Auch für Bischöfe kein Pardon

Dieser Samstag wird wohl ein historisches Datum im Kampf der Kirche gegen sexuellen Missbrauch werden. Erstmals muss sich ein vormals ranghoher katholischer Würdenträger wegen Missbrauchs vor einem weltlichen Gericht im Vatikan verantworten.

Autor/in:
Thomas Jansen
Jozef Wesolowski, ehemaliger Vatikanbotschafter in der Dominikanischen Republik, am 4.9.13 (dpa)
Jozef Wesolowski, ehemaliger Vatikanbotschafter in der Dominikanischen Republik, am 4.9.13 / ( dpa )

Es geht um den früheren Vatikanbotschafter in der Dominikanischen Republik, Jozef Wesolowski (66). Die vatikanische Staatsanwaltschaft wirft dem aus Polen stammenden Ex-Geistlichen sexuellen Missbrauch mehrerer Jungen in dem Karibikstaat und den Besitz von kinderpornografischem Material vor. Wesolowski drohen nach Vatikanangaben vom September 2014 bis zu sieben Jahre Haft.
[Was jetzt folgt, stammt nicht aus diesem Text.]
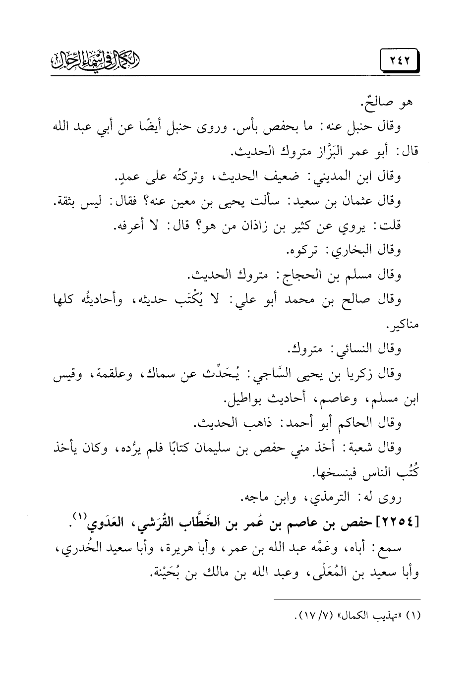 (¬١) "تهذيب الكمال" (٧/ ١٧).

Als früherer Vatikanbotschafter besitzt Wesolowski die vatikanische Staatsbürgerschaft. Deshalb verzichteten die Dominikanische Republik und sein Heimatland Polen auf einen Auslieferungsantrag. Nach internationalem Recht ist die Justiz des entsendenden Staates für die Ahndung der Straftat eines Botschafters zuständig. Im Gegensatz zu anderen beschuldigten Bischöfen, die sich nur vor einem kirchlichen Gericht im Vatikan zu verantworten hatten, wird Wesolowski deshalb auch vor dem Strafgericht des Vatikanstaates der Prozess gemacht. Der Besitz von kinderpornografischem Material ist seit 2013 ein eigener Straftatbestand in dessen Strafrecht.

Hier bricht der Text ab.